**How to complete this task**
Take the line containing "Table Basse Manon" and every line after it to the end of the records, and copy them exactly, leaving out pictures.

**Stored data entries**
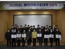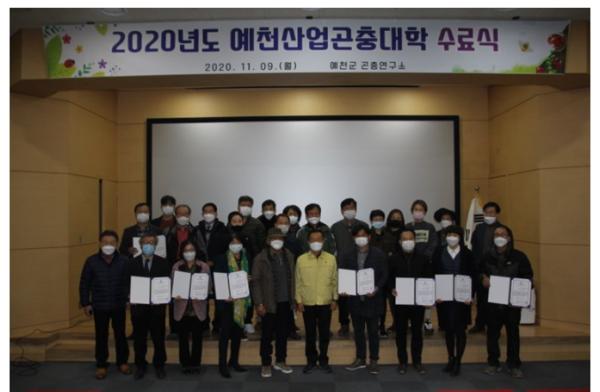 예천군은 9일 오후 4시 예천군곤충연구소 곤충생태체험관에서 곤충산업 전문인력 육성을 위한 ‘2020년도 예천산업곤충대학’ 수료식을 개최했다.
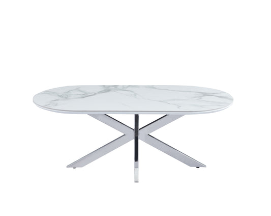 Table Basse Manon – Pied Chrome & Plateau Céramique Effet Marbre Blanc 120x60 cm
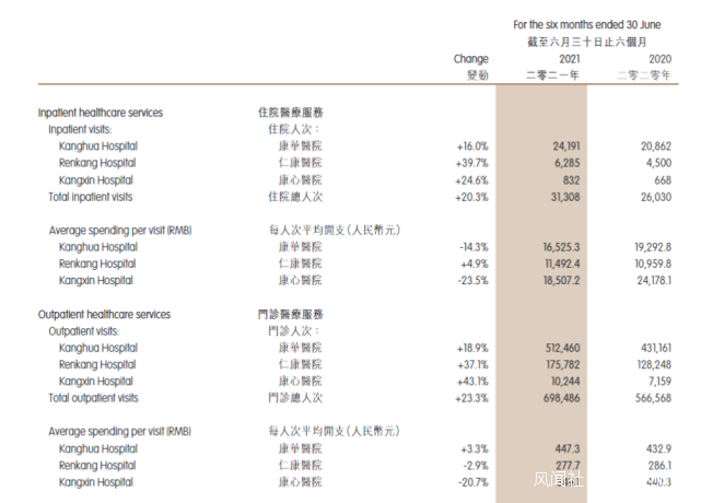 截至2021年上半年,康華醫院門診人次為51.25萬次,較去年同期增加18.9%;住院人次為2.42萬次,較去年同期增加16.0%。康華醫院住院醫療服務中,每人次平均開支1.65萬元,同比減少14.3%;門診醫療服務每人次平均開支447.3元,同比增長3.3%。
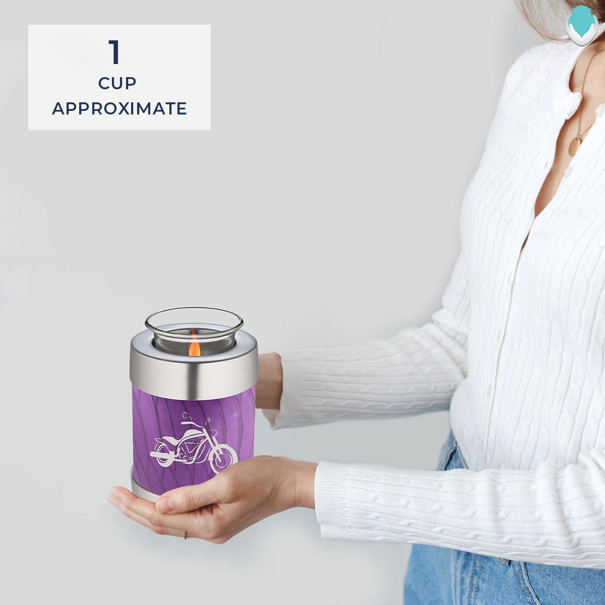 Honor the memory of your loved one with the Embrace Motorcycle Cremation Urn for Ashes. This beautiful urn displays a silver motorcycle. This is a perfect resting place for a free spirit, someone who enjoyed riding the open road.
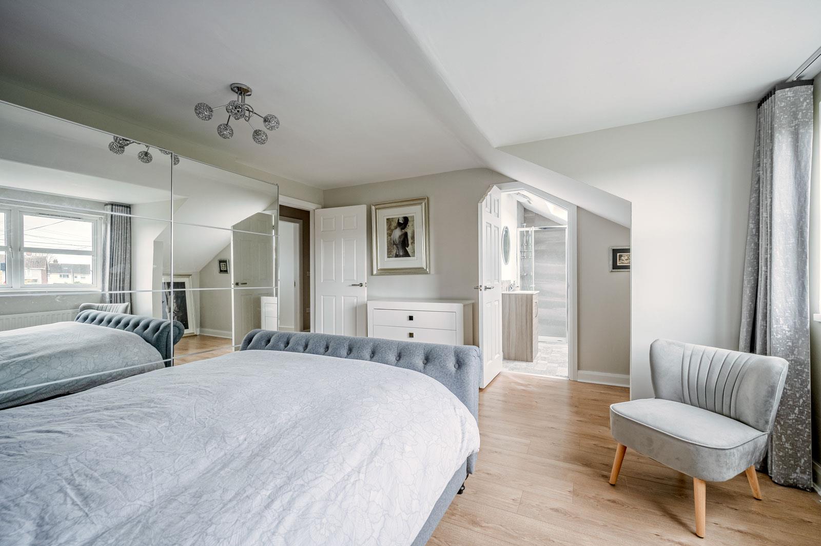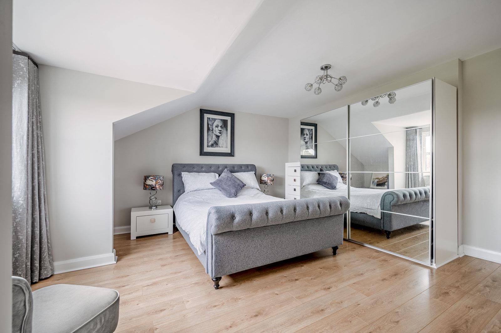 Wall to wall range of built-in wardrobes, laminate wood effect floor.

**Answer to this task**
 Table Basse Manon – Pied Chrome & Plateau Céramique Effet Marbre Blanc 120x60 cm
 截至2021年上半年,康華醫院門診人次為51.25萬次,較去年同期增加18.9%;住院人次為2.42萬次,較去年同期增加16.0%。康華醫院住院醫療服務中,每人次平均開支1.65萬元,同比減少14.3%;門診醫療服務每人次平均開支447.3元,同比增長3.3%。
 Honor the memory of your loved one with the Embrace Motorcycle Cremation Urn for Ashes. This beautiful urn displays a silver motorcycle. This is a perfect resting place for a free spirit, someone who enjoyed riding the open road.
 Wall to wall range of built-in wardrobes, laminate wood effect floor.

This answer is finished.